## Exercise goal:
Under this line sits a listing. Repeat exactly and only its lines from the one holding "タップでコピーするだけだから、女子にも嬉しい顔文字をもっと可愛く便利に使える!" through the one holding "Through this collaboration, PBIL"; skip pictures.

## Provided entries:
---

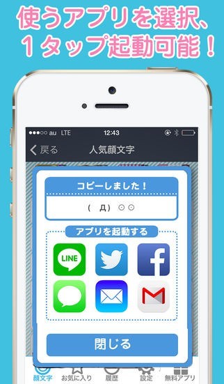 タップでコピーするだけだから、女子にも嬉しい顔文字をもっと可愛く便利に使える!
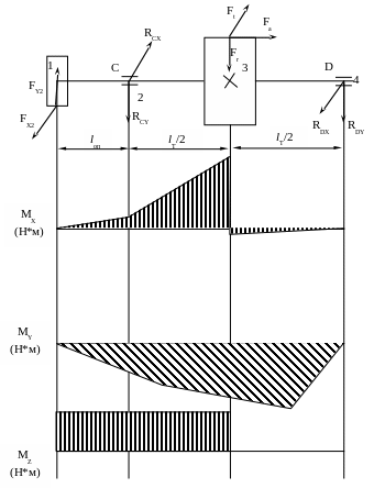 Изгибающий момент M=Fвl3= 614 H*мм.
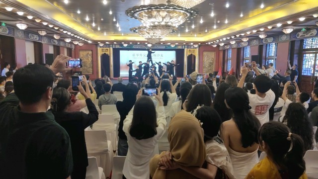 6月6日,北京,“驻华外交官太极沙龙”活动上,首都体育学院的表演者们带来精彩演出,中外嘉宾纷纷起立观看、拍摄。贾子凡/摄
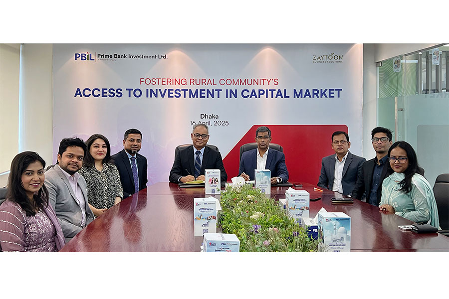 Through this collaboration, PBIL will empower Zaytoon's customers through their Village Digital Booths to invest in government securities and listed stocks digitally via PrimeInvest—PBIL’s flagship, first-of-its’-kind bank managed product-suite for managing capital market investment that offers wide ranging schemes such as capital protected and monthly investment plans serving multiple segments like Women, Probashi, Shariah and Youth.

---

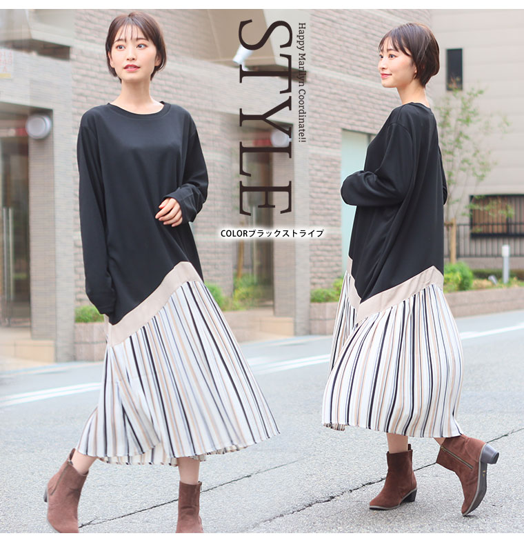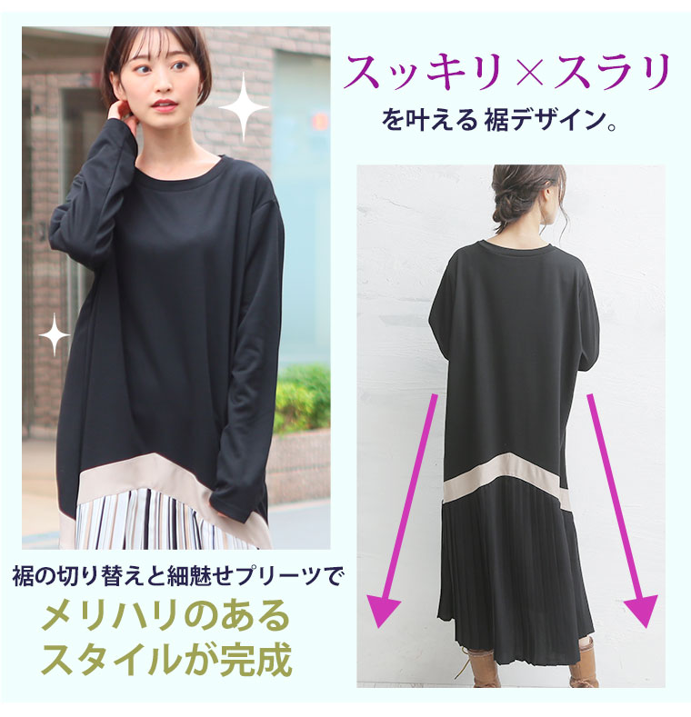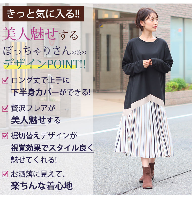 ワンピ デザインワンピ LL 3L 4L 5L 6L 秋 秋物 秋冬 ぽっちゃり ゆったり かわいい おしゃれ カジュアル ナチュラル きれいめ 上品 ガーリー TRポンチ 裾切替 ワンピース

---

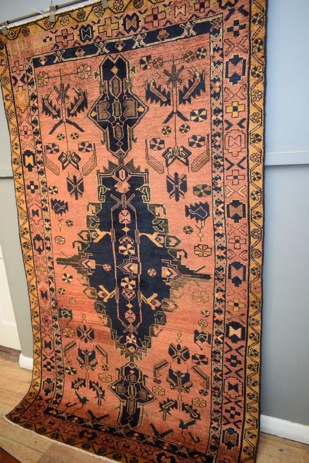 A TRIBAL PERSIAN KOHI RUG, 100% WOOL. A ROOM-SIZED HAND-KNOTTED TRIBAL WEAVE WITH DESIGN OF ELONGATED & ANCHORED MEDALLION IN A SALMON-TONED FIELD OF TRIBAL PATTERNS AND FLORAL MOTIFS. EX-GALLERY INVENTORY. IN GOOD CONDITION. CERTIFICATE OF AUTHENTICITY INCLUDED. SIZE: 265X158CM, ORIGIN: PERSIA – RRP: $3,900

---

## Answer to the exercise:
 タップでコピーするだけだから、女子にも嬉しい顔文字をもっと可愛く便利に使える!
 Изгибающий момент M=Fвl3= 614 H*мм.
 6月6日,北京,“驻华外交官太极沙龙”活动上,首都体育学院的表演者们带来精彩演出,中外嘉宾纷纷起立观看、拍摄。贾子凡/摄
 Through this collaboration, PBIL will empower Zaytoon's customers through their Village Digital Booths to invest in government securities and listed stocks digitally via PrimeInvest—PBIL’s flagship, first-of-its’-kind bank managed product-suite for managing capital market investment that offers wide ranging schemes such as capital protected and monthly investment plans serving multiple segments like Women, Probashi, Shariah and Youth.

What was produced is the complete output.